Chair of the Bored

Armchair Zen

Growing up in the suburbs, the recliner was an essential component of a certain middle-American aesthetic of which I wanted no part. Back then, all recliners were massive, ill-shapen, and upholstered in wool earth-tone plaids capable not only of soaking up the stink of every cigarette within a 3-mile radius but also of camouflaging even the most heinous of stains.

If someone was brutally murdered in a recliner in the early ’80s, the chair could still fetch a decent price at a neighborhood yard sale the following weekend.

Never has a piece of furniture been so closely associated with sloth, mediocrity, and mental torpor. Every design effort was made to save the reclined from movement of any kind. Armrests flipped open to reveal handy beverage holders. Side pockets accordioned to store Tiger Beat and People magazines, romance novels, and word search puzzle books for easy access. Some recliners even featured insulated beer coolers for the sports fan who just couldn’t be bothered to get vertical when struck with the irresistible urge for another Miller Lite.

Recliners seemed to me then the purgatory one inhabited before unceremoniously dying of boredom. If the recliner was a food, it would be a Hot Pocket. If a recliner was a place, it would be a strip mall in Orlando. If a recliner was an animal, it would be a flatulent hound.

A recliner was found in the living room at a friend’s house where his underemployed, mustachioed stepdad impotently fumbled with a Rubik’s Cube and at my grandparents’ senile next-door neighbors where the husband, a retired pastor, liked to put his feet up while he aimlessly read the good word.

You know who didn’t have a recliner back then? James Bond, that’s who. Or the Six Million Dollar Man. Or Evel Knievel. Or the guys in KISS.

The recliner was the antithesis of cool, and, as a nerdy kid desperately seeking suaveness, I resolved to never let one cross the threshold of my future home. (The one I had, in sixth grade, already designed and would certainly build one day. The one with the water slide from the bedroom window into the backyard wave pool.)

But, that was before. Before I grew up and bought a house of my own (sans wave pool). Before designers reimagined the recliner, and friends bought a stylish leather number from Scandinavia.

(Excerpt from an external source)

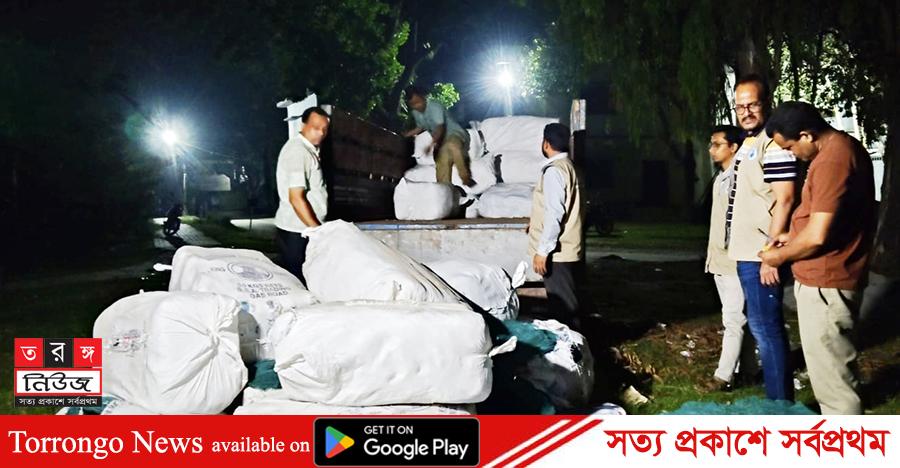 উল্লাপাড়া (সিরাজগঞ্জ) প্রতিনিধি: সিরাজগঞ্জের উল্লাপাড়ায় সদাগর এক্সপ্রেস লিমিটেড এর ট্রান্সপোর্টে অভিযান চালিয়ে বিপুল পরিমাণ নিষিদ্ধ চায়না দুয়ারী জাল জব্দ করেছে উপজেলা প্রশাসন। বুধবার রাত সাড়ে ৮টার দিকে পৌর শহরের শ্যামলীপাড়া বাসস্ট্যান্ডে অবস্থিত ট্রান্সপোর্টটির শাখা অফিসে এ অভিযান পরিচালনা করা হয়। এতে নেতৃত্ব দেন সিরাজগঞ্জ জেলা মৎস্য কর্মকর্তা মোঃ ফজলুর রহমান।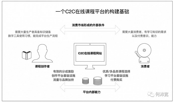 我们曾详细探讨过C2C学习平台的模式,以及它所需的社会环境,可视图如下:

Before I gave theirs a try, realized what I was missing, and bought my own hip recliner on Craigslist.

Now, after a long, hectic workday, few things are more satisfying than finally getting to sink into the recliner in my home office.

On a Tuesday night, I’ll cook up a four-cheese frozen pizza, cue up a nature documentary on the desktop computer, and let my body settle into the curves and cushions of my recliner’s familiarly encompassing embrace.

I’ve come to appreciate the zen of the recliner. I’m wiser now. I’ve learned that getting comfy does not equal giving up.


Dylan Patterson is a writer and filmmaker who teaches English at Cape Fear Community College.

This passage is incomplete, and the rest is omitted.